PROVIDED RECORDS Block Start

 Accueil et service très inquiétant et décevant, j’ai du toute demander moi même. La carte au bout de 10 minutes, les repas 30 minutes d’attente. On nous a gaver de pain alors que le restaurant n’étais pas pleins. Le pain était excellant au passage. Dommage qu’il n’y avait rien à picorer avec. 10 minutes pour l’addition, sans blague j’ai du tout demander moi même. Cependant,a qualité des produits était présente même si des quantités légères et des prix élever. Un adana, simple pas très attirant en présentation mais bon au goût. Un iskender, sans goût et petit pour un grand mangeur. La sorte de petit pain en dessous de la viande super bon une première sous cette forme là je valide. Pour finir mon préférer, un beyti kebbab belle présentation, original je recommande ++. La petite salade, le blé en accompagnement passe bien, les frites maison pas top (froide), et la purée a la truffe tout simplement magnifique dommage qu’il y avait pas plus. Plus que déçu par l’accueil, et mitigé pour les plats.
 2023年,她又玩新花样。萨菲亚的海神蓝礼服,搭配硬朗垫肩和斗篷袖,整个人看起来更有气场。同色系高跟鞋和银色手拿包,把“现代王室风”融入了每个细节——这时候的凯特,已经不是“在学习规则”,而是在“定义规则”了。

PROVIDED RECORDS Block End
PROVIDED RECORDS Block Start

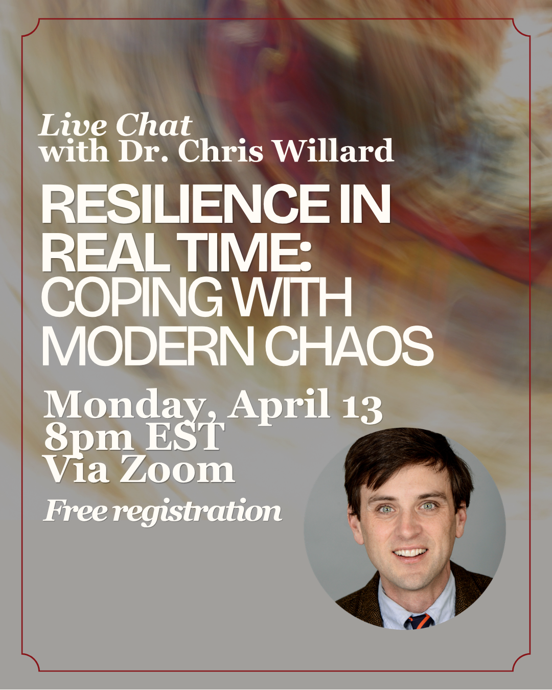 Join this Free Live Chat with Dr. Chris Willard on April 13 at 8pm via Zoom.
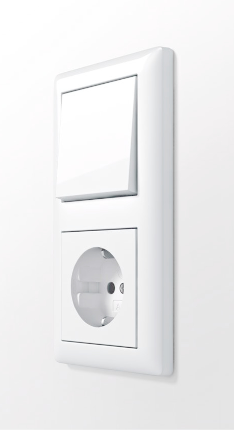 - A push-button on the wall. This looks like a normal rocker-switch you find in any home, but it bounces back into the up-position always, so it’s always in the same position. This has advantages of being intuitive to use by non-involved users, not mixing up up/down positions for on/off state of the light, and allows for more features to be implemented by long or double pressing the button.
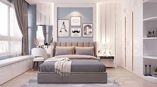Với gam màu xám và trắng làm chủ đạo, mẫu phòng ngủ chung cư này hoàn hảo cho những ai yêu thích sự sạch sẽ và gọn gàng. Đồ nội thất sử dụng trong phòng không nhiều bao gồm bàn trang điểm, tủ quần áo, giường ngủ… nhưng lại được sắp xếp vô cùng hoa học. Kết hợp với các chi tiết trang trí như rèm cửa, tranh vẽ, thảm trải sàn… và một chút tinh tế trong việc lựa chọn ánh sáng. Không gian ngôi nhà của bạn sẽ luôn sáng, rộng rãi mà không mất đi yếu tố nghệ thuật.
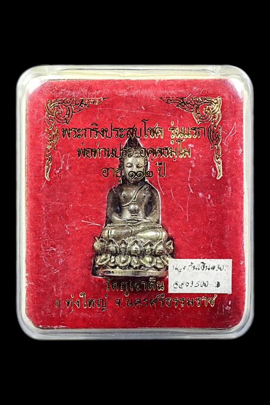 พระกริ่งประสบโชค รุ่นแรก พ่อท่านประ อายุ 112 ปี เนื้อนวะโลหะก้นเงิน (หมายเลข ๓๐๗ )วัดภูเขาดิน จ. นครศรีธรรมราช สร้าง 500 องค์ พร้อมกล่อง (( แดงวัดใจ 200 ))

PROVIDED RECORDS Block End

**WHAT YOU NEED TO DO**. Nothing but the lines from the one containing "Với gam màu" through the one containing "พระกริ่งประสบโชค รุ่นแรก พ่อท่านประ" should appear, copied exactly from the material above and without pictures.

**ANSWER SPACE**.
Với gam màu xám và trắng làm chủ đạo, mẫu phòng ngủ chung cư này hoàn hảo cho những ai yêu thích sự sạch sẽ và gọn gàng. Đồ nội thất sử dụng trong phòng không nhiều bao gồm bàn trang điểm, tủ quần áo, giường ngủ… nhưng lại được sắp xếp vô cùng hoa học. Kết hợp với các chi tiết trang trí như rèm cửa, tranh vẽ, thảm trải sàn… và một chút tinh tế trong việc lựa chọn ánh sáng. Không gian ngôi nhà của bạn sẽ luôn sáng, rộng rãi mà không mất đi yếu tố nghệ thuật.
 พระกริ่งประสบโชค รุ่นแรก พ่อท่านประ อายุ 112 ปี เนื้อนวะโลหะก้นเงิน (หมายเลข ๓๐๗ )วัดภูเขาดิน จ. นครศรีธรรมราช สร้าง 500 องค์ พร้อมกล่อง (( แดงวัดใจ 200 ))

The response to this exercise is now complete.